For each of the following activities, run the cell, describe what you observe, and then describe a takeaway or possible remedy to any challenges you observe.

In this intro colab, we are considering the univariate (single variable) case. Here, we are trying to forecast future values of a stream given past values.

Here's a statistical treatment:

**Data Stream**: $x_{0:T-1}$, an array with data for the last T timesteps


**Oracle Forecast**: $\tilde{x}_{T:T+horizon}$ where horizon is how many future steps taken.

**Our Forecast**: $\hat{x}_{T:T+horizon}$ where horizon is how many future steps taken.

**Evaluation Metric**: $\sum_{i \in T}^{T+horizon} |\tilde{x}(i) - \hat{x}(i)| $

In [74]:
#Activity 2: Introduction to simple forecaster & statistical terms

def plot_forecasts(T = 100, horizon=10, aggregation=1):
  orig_data = pd.Series([math.sin(t/10) for t in range(T)])
  x_T = orig_data.groupby(orig_data.index//aggregation).sum()
  orig_oracle = pd.Series([math.sin(t/10) for t in range(T, T+horizon)])
  x_horiz = orig_oracle.groupby(orig_oracle.index//aggregation).sum()
  x_tilde = x_horiz #perfect oracle
  orig_forecast = pd.Series([math.sin((t-1)/10) for t in range(T, T+horizon)]) #using previous prediction for current step
  x_hat = orig_forecast.groupby(orig_forecast.index//aggregation).sum()
  orig_horizon = pd.Series([math.sin((T-1)/10)] * (horizon))
  x_hat_horizon = orig_horizon.groupby(orig_horizon.index//aggregation).sum()
  fig  = go.Figure()
  fig.add_trace(go.Scatter(x = list(range(0, T+1, aggregation)), y=x_T, name='history', marker_color = 'black'))
  fig.add_trace(go.Scatter(x = list(range(int(T), T+horizon, aggregation)), y=x_horiz, name='oracle', marker_color = 'red'))
  fig.add_trace(go.Scatter(x = list(range(int(T), T+horizon, aggregation)), y=x_hat, name='simple forecast (updated)', marker_color = 'purple'))
  fig.add_trace(go.Scatter(x = list(range(int(T), T+horizon, aggregation)), y=x_hat_horizon, name='simple forecast (one-shot)', marker_color = 'mediumpurple'))

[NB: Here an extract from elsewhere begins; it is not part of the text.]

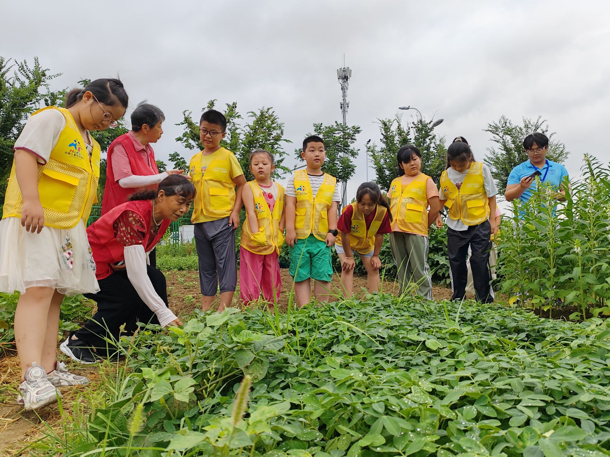 在田间,经验丰富的“红大姐”志愿者化身为“自然导师”。她蹲下身子,耐心地向孩子们介绍着眼前各种农作物的特点。从叶片的形状到植株的高度,从生长的周期到养护的要点,志愿者阿姨讲得细致入微,孩子们围在她身边,听得津津有味,不时提出自己的疑问和见解。通过近距离的观察和触摸,孩子们对农作物的生长过程有了更直观的认识,也深刻体会到了“谁知盘中餐,粒粒皆辛苦”的含义。

  fig.update_layout(title='Data Stream', xaxis_title = 'Time', yaxis_title='Value').show(renderer='colab')

  print(f"Error Updated {sum([abs(x-y) for x, y in zip(x_hat, x_tilde)])}")
  print(f"Error One Shot {sum([abs(x-y) for x, y in zip(x_hat_horizon, x_tilde)])}")


plot_forecasts()

Error Updated 0.5379003595310561
Error One Shot 3.6245984696993503


In [78]:
#Activity 3: Impact of data aggregation across two types of models

#Aggregation is combining timesteps - here we use frequency as a proxy for aggregation.
#You can use any positive numbers (integers) up to horizon for the aggregation value - what do you observe
plot_forecasts(horizon = 100, aggregation=1)



Error Updated 6.408256259609609
Error One Shot 63.57533291034759


In [80]:
#Activity 5: Historical data vs. horizon forecasts
#change the value of T vs. horizon - what do you observe? How much data do you need if you know the model? What if you don't have the model?
plot_forecasts(T = 100, horizon = 100)

Error Updated 6.408256259609609
Error One Shot 63.57533291034759